The two of you who missed this column last week should know I was not on vacation. I was locked in a conference in the nation's capital.
I think I earned a couple vacations for this trip. I love Washington DC, but not the getting there. It's hard work.
From Pike county there aren't many options. You can't fly. Can't take a train. You're limited to jumping in the car and finding the shortest route to Interstate 81. Four hundred fifty miles and a couple heart attacks later you're in sight of the Washington Monument pulling into the hotel.
That's after travelling all evening on highways designed to carry traffic at 75-80 miles an hour into a city built on a layout designed to carry traffic at the speed of horse. If you're not lost when you find your hotel you're at least dizzy.
Washington DC is a maze of circles and diagonals and straight lines all emanating from center. It is a miracle anyone ever found anything there before Google Maps. The best thing you can do once you get to DC is hide the keys until it's time to go home. Take the subway or the bus. Get an Uber.
Not that we had a chance to do any sightseeing. We were packed for two days, Wednesday and Thursday, in a conference of government grant recipients and government grant makers talking about grants. There are a lot of opportunities coming if we are ready for them.

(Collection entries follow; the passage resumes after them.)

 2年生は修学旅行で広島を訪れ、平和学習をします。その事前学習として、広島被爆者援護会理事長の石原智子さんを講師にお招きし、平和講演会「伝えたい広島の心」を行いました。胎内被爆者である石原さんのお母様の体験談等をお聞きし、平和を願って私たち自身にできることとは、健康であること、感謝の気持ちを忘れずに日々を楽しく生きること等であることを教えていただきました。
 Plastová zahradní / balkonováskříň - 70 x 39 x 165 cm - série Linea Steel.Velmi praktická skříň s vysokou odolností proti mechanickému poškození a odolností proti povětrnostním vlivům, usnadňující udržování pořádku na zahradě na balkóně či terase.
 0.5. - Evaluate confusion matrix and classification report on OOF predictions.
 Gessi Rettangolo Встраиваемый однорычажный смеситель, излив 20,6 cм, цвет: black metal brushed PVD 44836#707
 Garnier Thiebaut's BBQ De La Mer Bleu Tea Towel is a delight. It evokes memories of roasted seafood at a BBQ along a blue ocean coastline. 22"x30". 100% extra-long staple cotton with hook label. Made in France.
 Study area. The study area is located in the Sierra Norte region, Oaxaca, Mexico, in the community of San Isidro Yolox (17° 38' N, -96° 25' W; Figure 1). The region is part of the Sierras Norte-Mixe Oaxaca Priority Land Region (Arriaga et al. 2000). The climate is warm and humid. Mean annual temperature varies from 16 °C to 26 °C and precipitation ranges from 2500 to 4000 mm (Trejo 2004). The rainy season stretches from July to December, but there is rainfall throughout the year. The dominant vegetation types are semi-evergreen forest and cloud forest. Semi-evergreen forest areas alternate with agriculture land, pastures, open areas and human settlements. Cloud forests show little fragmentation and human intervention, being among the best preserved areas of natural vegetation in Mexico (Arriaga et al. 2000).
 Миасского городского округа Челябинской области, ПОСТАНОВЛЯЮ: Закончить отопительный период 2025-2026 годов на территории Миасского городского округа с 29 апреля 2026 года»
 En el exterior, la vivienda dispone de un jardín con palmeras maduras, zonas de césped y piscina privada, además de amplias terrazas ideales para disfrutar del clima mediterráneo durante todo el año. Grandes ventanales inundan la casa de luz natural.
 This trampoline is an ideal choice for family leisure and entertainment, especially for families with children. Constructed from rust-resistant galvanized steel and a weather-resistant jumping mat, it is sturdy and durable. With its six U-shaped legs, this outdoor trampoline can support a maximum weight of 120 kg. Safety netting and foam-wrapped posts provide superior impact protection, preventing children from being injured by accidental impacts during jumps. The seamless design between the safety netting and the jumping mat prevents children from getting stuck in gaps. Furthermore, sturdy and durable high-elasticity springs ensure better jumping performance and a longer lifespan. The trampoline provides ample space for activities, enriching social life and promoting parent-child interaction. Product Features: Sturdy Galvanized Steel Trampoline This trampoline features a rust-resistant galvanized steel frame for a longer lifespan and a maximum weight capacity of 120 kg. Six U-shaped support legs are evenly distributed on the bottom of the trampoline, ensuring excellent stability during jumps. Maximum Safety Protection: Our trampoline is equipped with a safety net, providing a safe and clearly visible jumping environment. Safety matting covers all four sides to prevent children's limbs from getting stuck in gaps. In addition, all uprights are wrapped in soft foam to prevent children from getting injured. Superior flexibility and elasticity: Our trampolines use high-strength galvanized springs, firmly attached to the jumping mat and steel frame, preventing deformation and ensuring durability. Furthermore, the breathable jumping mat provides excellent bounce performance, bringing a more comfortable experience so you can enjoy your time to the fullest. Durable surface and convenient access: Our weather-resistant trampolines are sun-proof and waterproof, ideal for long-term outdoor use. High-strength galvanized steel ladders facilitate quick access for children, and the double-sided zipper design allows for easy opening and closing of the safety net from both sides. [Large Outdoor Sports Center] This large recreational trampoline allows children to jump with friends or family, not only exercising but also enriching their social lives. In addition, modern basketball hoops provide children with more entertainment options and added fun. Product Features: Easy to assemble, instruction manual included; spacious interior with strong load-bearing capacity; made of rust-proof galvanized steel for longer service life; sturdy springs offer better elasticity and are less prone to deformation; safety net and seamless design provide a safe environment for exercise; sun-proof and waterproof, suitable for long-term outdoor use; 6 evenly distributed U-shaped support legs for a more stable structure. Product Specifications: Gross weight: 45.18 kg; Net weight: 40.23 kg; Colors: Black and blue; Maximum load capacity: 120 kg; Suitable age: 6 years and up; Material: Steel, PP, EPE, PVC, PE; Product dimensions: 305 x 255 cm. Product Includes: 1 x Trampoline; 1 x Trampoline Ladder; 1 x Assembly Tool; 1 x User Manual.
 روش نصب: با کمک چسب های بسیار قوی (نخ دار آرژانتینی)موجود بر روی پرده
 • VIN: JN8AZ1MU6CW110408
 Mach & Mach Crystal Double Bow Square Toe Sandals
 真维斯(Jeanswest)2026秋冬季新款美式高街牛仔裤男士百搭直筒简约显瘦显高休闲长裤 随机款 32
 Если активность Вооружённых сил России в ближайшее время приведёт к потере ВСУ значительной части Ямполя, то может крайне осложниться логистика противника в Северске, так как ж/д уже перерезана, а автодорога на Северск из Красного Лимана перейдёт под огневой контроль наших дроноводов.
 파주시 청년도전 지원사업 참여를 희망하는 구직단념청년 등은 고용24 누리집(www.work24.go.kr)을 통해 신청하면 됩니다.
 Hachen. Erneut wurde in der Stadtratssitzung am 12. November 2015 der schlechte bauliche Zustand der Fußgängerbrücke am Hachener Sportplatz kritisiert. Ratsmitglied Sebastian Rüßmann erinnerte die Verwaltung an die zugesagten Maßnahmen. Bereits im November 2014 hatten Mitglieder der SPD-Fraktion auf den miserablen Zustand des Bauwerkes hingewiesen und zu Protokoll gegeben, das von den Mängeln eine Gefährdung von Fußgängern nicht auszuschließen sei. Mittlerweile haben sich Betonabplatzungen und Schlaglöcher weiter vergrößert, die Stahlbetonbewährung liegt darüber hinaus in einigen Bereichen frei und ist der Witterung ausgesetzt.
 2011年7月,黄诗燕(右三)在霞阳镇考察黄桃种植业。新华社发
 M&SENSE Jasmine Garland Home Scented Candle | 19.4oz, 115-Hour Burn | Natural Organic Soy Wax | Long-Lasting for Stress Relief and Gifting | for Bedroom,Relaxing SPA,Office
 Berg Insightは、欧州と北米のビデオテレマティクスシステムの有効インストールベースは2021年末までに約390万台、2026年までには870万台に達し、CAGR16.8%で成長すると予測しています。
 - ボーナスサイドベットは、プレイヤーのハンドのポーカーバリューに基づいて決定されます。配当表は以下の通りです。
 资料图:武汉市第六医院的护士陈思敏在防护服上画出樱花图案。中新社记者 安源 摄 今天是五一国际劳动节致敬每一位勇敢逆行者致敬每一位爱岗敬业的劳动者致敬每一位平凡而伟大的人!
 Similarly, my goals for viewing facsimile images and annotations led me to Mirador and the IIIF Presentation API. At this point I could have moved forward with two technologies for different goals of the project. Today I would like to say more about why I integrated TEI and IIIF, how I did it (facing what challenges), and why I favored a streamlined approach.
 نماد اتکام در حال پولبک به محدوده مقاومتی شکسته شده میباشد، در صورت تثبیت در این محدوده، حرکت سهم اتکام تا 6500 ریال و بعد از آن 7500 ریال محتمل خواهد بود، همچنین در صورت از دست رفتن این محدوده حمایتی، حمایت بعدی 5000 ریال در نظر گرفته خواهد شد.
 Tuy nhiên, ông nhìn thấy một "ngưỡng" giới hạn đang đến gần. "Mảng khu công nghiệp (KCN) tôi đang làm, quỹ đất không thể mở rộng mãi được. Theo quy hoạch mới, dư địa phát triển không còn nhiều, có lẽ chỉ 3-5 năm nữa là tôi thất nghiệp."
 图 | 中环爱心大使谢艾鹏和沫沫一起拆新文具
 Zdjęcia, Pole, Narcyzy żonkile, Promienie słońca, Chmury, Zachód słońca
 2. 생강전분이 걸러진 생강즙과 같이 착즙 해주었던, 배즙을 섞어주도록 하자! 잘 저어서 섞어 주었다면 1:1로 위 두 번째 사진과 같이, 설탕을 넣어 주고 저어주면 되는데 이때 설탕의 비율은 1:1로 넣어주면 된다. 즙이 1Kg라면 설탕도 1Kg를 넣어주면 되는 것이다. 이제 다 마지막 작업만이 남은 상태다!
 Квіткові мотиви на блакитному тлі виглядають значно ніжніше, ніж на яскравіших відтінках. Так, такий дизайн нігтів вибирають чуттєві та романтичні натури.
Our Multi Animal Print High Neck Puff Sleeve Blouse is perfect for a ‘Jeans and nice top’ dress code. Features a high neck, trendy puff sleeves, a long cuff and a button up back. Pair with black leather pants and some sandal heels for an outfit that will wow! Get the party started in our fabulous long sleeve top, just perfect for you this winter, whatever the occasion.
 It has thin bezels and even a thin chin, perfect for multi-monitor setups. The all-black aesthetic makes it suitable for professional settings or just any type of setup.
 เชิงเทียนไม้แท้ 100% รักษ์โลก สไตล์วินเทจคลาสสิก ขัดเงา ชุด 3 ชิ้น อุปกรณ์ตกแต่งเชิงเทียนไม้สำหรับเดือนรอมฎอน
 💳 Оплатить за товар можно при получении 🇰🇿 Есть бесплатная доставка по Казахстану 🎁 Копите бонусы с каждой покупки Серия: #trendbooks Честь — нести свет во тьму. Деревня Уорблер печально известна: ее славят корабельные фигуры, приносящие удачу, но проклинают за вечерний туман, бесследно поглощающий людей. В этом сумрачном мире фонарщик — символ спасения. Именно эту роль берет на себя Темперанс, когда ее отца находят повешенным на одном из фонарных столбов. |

Some of the opportunities are brilliant. Some of them are baffling. The whole of them are a bit unreal. When the gathering ended late Thursday afternoon, my partner and I were about worn out with a night left in the hotel.
The great thing about Washington is there's always something worth experiencing and we settled quickly on the Immersive Vincent Van Gogh multimedia art exhibit. It was a quick Uber from the hotel to the exhibition hall in a repurposed shopping center.
Somehow getting lost in the high tech re-framing of Van Gogh's world of colors and light brought us back to reality. The multi-sensory extravaganza was invigorating compared to the agency speak drab of the previous 48 hours. And it only took about an hour.
You can't see anything you want to see in DC in an hour. Perfect for a random Thursday evening. That gave us plenty of time for tapas at a small Brazilian jazz club down the street from our hotel. If you're going to be in an international city like Washington, you should take advantage of the many options.
It was a fast trip to DC, it was a full trip. Drive there Tuesday, meetings Wednesday and Thursday, drive back Friday. For those of you wondering about the actual time it takes, I can report that it's possible to leave a DC hotel at 7:30am and be home in Pike county at 2:30pm.
But I wouldn't necessarily recommend it.